European Bee Eater Merops apiaster
Among the most looked forward to and colourful heralds of spring is our Bee Eater; they brighten the season with their bubbling calls as they announce their arrival to our shores, usually arriving in numbers by the end of March or early April. Migration can be a protracted affair lasting several weeks with northern birds arriving later and thus extending passage periods that can go well into May.  Flocks can often be seen feeding during leisurely daytime migration, whilst night migrants take a more direct and urgent route northwards.

The arrival of our breeding birds is staggered with the earliest birds favouring lowland areas, whilst high altitudes see arriving birds much later in April and even as late as early May. The habitat for breeding colonies is diverse where we can find them in river valleys, cultivated areas with some trees, orchards, rice fields and even around cereal crops. The size of colony can also vary enormously, on my patch in the Serranía de Ronda I have colonies ranging from 2/3 pairs to in excess of 20 pairs.

European Bee Eater, also known as Golden Bee Eater, is strikingly beautiful and both their flight and sounds add further to the appeal they have for birders.
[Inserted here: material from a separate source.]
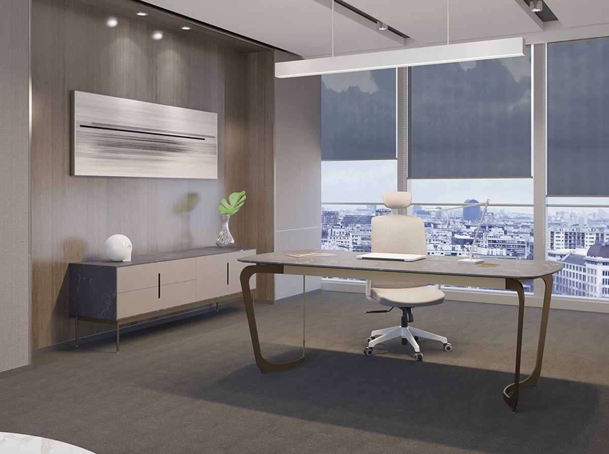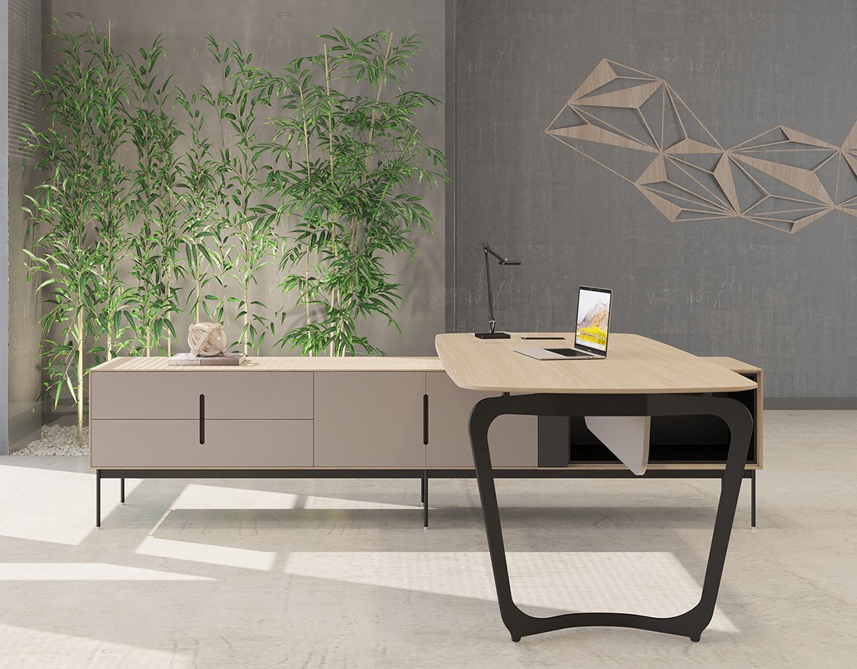 es una colección de piezas exclusivas con una estética contemporánea que refleja la elegancia y sofisticación de los ambientes profesionales. Cada mueble está diseñado con líneas puras y vanguardistas, sin ornamentos ni detalles innecesarios, lo que le da una apariencia minimalista y moderna.
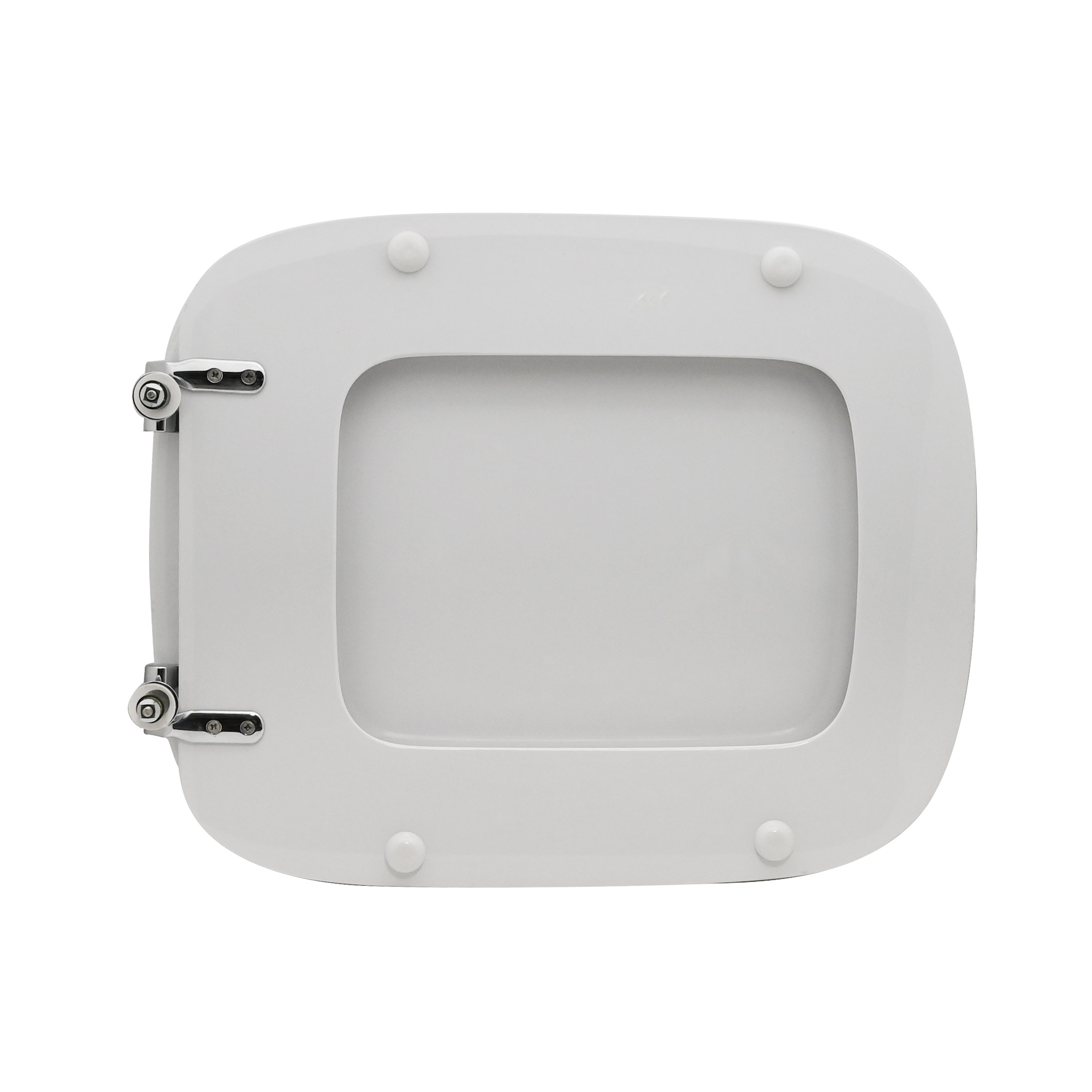 Sedile (Forma tipo 8 - cerniere tipo C) dedicato a casa ceramica Dolomite serie Rio. Dimensioni: Lunghezza cm 43,5; Larghezza cm 36; Interasse cerniere cm 16. mod. con cerniere fisse. Sedile in legno stabilizzato, colato in poliestere. Cerniere in ottone cromato e viti di fissaggio in acciaio inox.

I hope you get as much pleasure seeing these colourful visitors as I will during this spring and summer.

Whilst they are here:
Almost as soon as they arrive the pair (normally paired on their wintering grounds) will excavate the burrow at the males natal site, sometimes with the assistance of a helper. The pair will remove between 7 and 12 kg of earth whilst burrowing and this can take between 10 to 20 days. The burrow can be anywhere from 70 to 150 cm long.  The female can lay 4-10 eggs at 1 to 2 day intervals. Incubation (by both sexes) takes approximately 20 days, the chick hatch over a 2-6 day period. Both parents and helpers feed the chicks and they will reach a body weight of 60-70 grams. The parents will continue to feed the chicks for around 3 weeks after fledging.